But the point is that it makes the playing field completely unlevel, and yet charter schools reap admiration and vast amounts of public funding while public schools are disdained and neglected.

If a public school does expel a kid, that kid is still the responsibility of the district one way or another. If a public school manages to transfer a problem kid to another school, the educators in those schools are colleagues -- making dumping a bit dicey.

If a charter school expels a problem kid, the charter never has to give the kid another thought, ever.

As someone who has long been involved in these discussions, I've been in many debates over the years with charter advocates who vociferously deny that charters keep out or kick out challenging, needy, disruptive, problematic kids. Now they're just changing their story to say it's a good thing to do. Do they really just get to change their story, unchallenged?

Part of the dynamic is that the proportion of needy kids (or even non-needy kids) who are disruptive has climbed steeply over the years. When I taught in the '70's, all of my students were needy but very few were disruptive. Even IEP kids were not disruptive beyond the norm (although IEP's did not exist then). It has been clear to me for a long time that charter schools can't claim to be "no excuses" unless they take over existing district schools, taking in the same kids with no application process, and find alternative placements for troubled kids instead of just counseling them out.

@EB - I've definitely heard others describe rising numbers of disruptive students. At the same time, I'm inherently suspicious of "kids-these-days"-type arguments. It's hard for me to judge, only having taught for a few years and in settings very different from my own K-12 student experience.

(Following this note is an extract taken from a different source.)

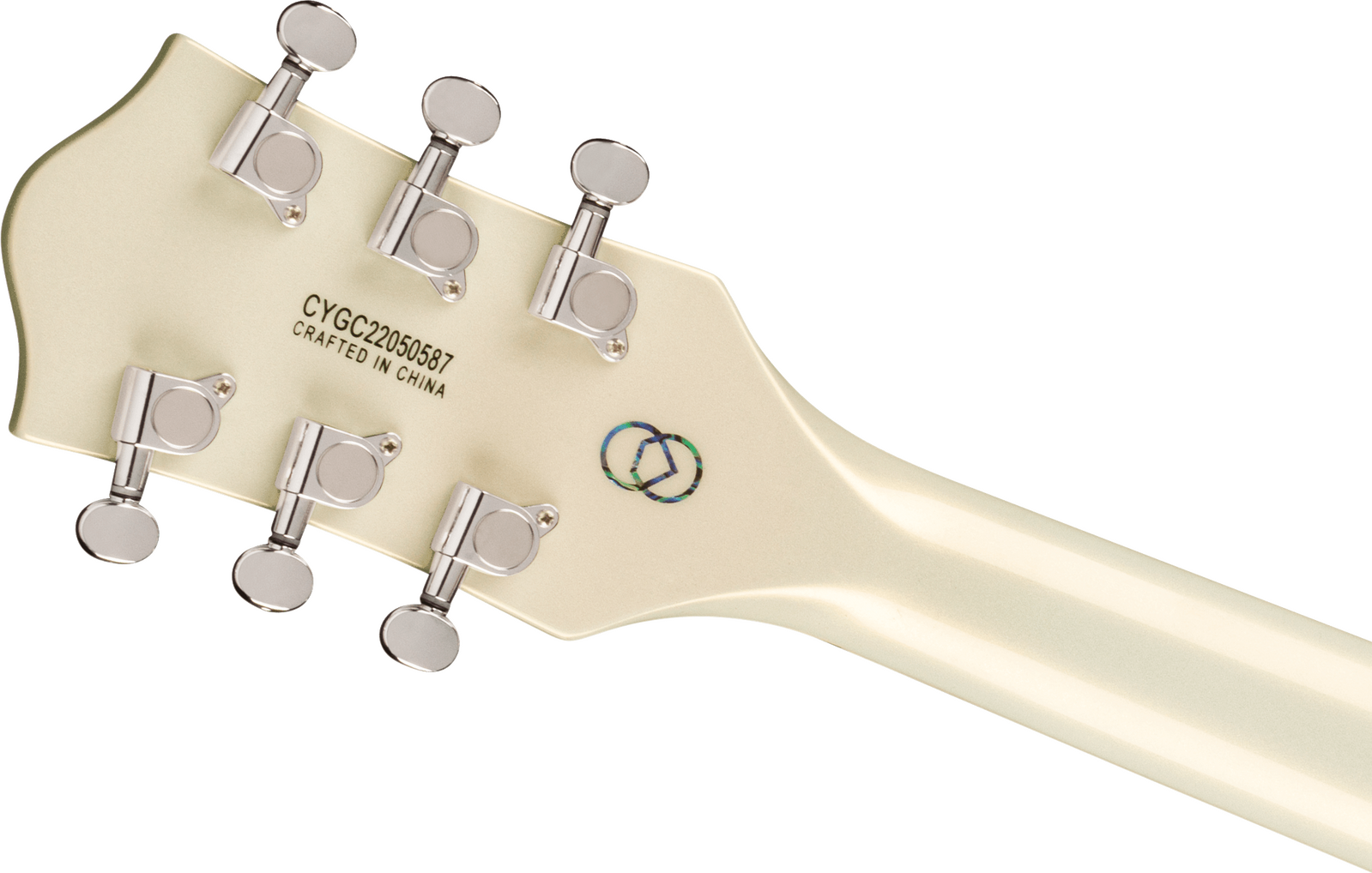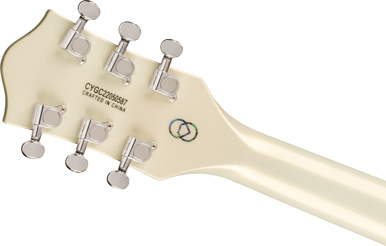 The G5622T-140 features a striking 2-Tone Stone Platinum over Pearl Platinum finish with matching pickguard and pickup bezels, chrome hardware, and a matching headstock with commemorative 140th Anniversary head plaque.

Paul, this is not just a "kids these days" meme. I wish I knew why parents in the '50's and '60's somehow were able to send their kids to school with skills and attitudes that made classrooms peaceful, and many parents today find it impossible. It's not just the parents though; it must be a combination of cultural, home-based, and school factors. It is more common to find really egregious behavior coming from low-income kids, but the fact is that as compared to my student days, these kids have more food, better shelter, and better access to health care. What they don't have is safe, predicatable environments. And even the level of disruption in middle class schools is hard to fathom.

Fair enough. I've got no sense of how to compare today to the 50s and 60s. It might be worth noting, though, that there's some evidence for behavioral improvement over the last 30 years:

http://scholasticadministrator.typepad.com/thisweekineducation/2012/02/bruno-the-kids-are-probably-still-alright.html

and especially:

http://nces.ed.gov/programs/crimeindicators/crimeindicators2010/tables/table_12_1.asp

I realize that doesn't contradict your claim, but I think it's an interesting data point.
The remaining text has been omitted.